Task requirements: Print the listing below only from the line that has "12月11日,四川德阳。旌湖" through the line that has "VINTAGE LARGE MICHAEL", exactly, and drop any picture.

Supplied entries:

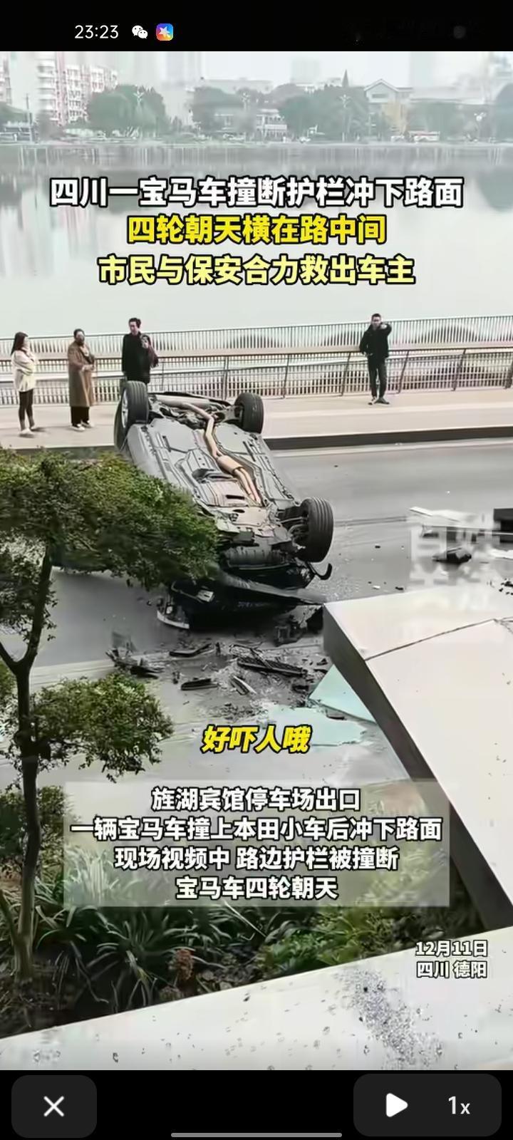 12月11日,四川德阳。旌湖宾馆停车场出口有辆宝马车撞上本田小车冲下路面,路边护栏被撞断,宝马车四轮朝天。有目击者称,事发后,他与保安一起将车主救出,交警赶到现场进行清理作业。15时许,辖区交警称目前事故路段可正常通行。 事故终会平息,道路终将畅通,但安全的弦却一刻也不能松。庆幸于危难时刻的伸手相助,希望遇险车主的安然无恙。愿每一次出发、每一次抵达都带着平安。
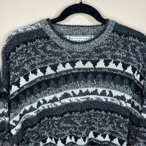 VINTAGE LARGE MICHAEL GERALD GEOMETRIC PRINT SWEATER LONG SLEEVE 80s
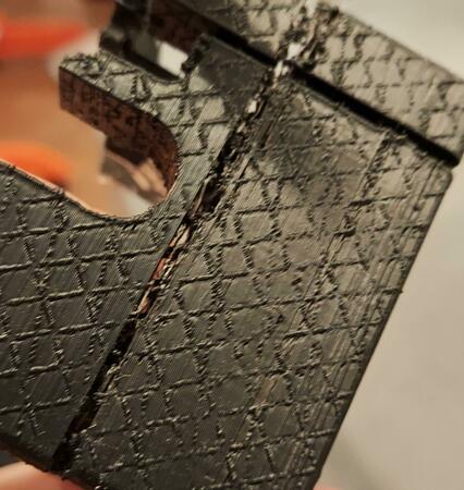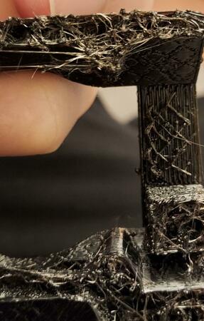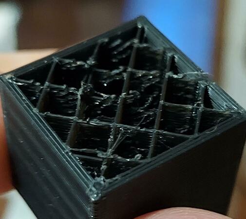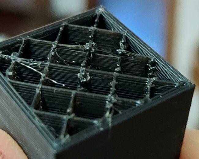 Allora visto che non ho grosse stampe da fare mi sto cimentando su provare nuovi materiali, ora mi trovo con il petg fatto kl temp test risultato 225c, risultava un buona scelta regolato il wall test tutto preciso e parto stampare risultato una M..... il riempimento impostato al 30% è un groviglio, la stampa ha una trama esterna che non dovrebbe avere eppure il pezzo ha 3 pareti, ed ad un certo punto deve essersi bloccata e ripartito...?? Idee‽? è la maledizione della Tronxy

==

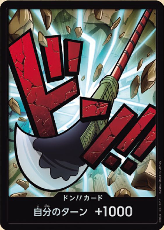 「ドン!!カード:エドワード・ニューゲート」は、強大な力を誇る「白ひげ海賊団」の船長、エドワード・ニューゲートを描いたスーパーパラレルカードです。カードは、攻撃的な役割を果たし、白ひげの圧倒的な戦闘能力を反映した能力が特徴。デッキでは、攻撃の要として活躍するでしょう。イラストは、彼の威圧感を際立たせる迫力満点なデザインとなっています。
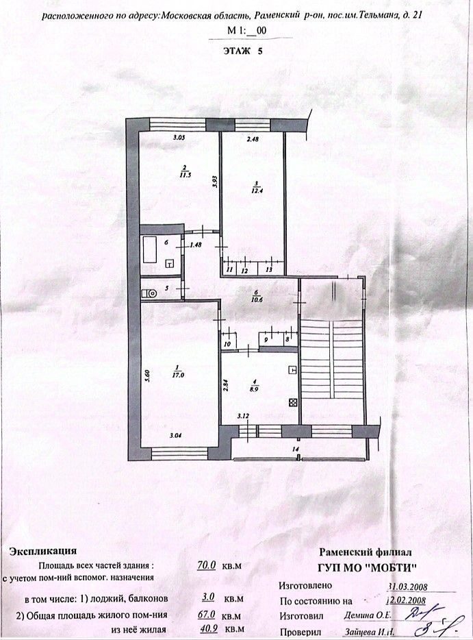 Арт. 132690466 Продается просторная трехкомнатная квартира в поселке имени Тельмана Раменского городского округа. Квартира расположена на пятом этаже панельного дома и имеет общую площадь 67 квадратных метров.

---

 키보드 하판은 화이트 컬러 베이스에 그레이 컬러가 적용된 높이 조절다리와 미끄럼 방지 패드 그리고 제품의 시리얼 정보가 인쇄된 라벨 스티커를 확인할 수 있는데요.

Answer to the exercise:
 12月11日,四川德阳。旌湖宾馆停车场出口有辆宝马车撞上本田小车冲下路面,路边护栏被撞断,宝马车四轮朝天。有目击者称,事发后,他与保安一起将车主救出,交警赶到现场进行清理作业。15时许,辖区交警称目前事故路段可正常通行。 事故终会平息,道路终将畅通,但安全的弦却一刻也不能松。庆幸于危难时刻的伸手相助,希望遇险车主的安然无恙。愿每一次出发、每一次抵达都带着平安。
 VINTAGE LARGE MICHAEL GERALD GEOMETRIC PRINT SWEATER LONG SLEEVE 80s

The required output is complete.